Botswanan grocery retailer

Choppies Enterprises Limited is a Botswana multinational supermarket retailer headquartered in Gaborone, Botswana. The retailer initially sold only food-based goods (both fresh groceries and wholesale long-life foods) and other fast-moving consumer goods. By 2024, Choppies had 161 stores in 4 countries.

Choppies became a listed company on the Botswana Stock Exchange on January 26, 2012, and is a constituent of the BSE Domestic Company Index with an approximate market capitalization of P2.4 billion as of December 20, 2012.

==History==

Choppies was founded in 1986 with a single store, Wayside Supermarket (Proprietary) Limited, in Lobatse by the Chopdat family. A second store was opened in 1993.

By 1999, the company operated only two stores. Since then, it has grown to become a dominant player in Botswana’s fast-moving consumer goods (FMCG) industry. The management team includes founding members Mr. Farouk Ismail, the current Deputy Chairman, and Mr. Ramachandaran Ottapathu, the current CEO. Both are major shareholders, each holding 34.2% of the company’s shares. In 2003, the group consolidated its operations under one structure, having previously operated under various franchise names.

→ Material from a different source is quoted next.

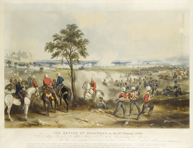 SIKH WARS MARTENS (HENRY) The Battle of Goojerat, on the 21st February 1849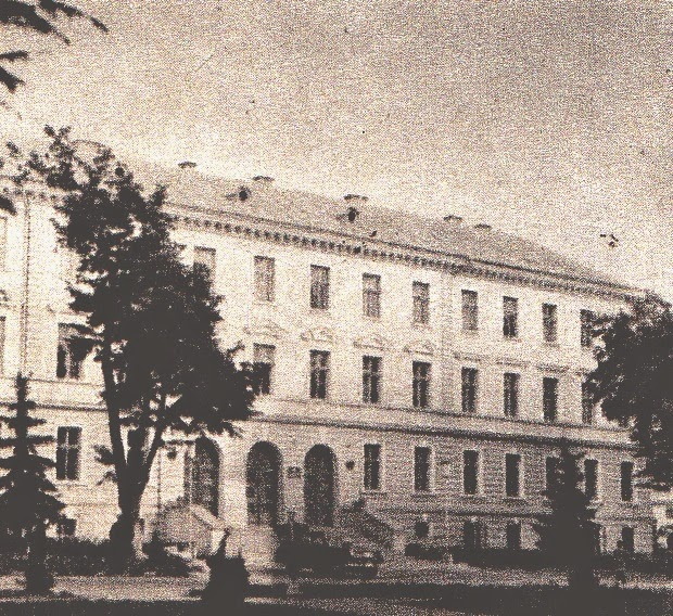 The Palace of Justice in Suceava, during the communist period. Between 1968-2002, the building served as Suceava City Hall.

Due to its exponential growth since 1999, there was growing demand for Choppies to be listed on the national stock exchange. The management team agreed, and the company was listed on the Botswana Stock Exchange on January 26, 2012. Grant Thornton was appointed to oversee the administration of the initial public offering, which saw 1.2 billion shares listed at BWP 1.15 per share, with 25% offered to the public. The IPO was the largest in the exchange’s history, raising BWP 350 million through the IPO and private placement, and was oversubscribed by up to 400%.

In 2008, Choppies opened its first store in Zeerust, South Africa, marking its expansion into the North West region. A South African distribution centre was launched in Rustenburg in September 2012 to serve the South African stores. In 2014, the group established its first distribution centre in Zimbabwe. The company completed its secondary listing on the Johannesburg Stock Exchange on May 27, 2015. By the end of 2015 Zambian operations began and in early 2016 saw the acquisition of Jwayelani group in Durban, South Africa. Kenyan acquisition of Ulkwala group was also carried out in early 2016. As part of long term growth plan the group opened its first store in Tanzania and Mozambique in 2017.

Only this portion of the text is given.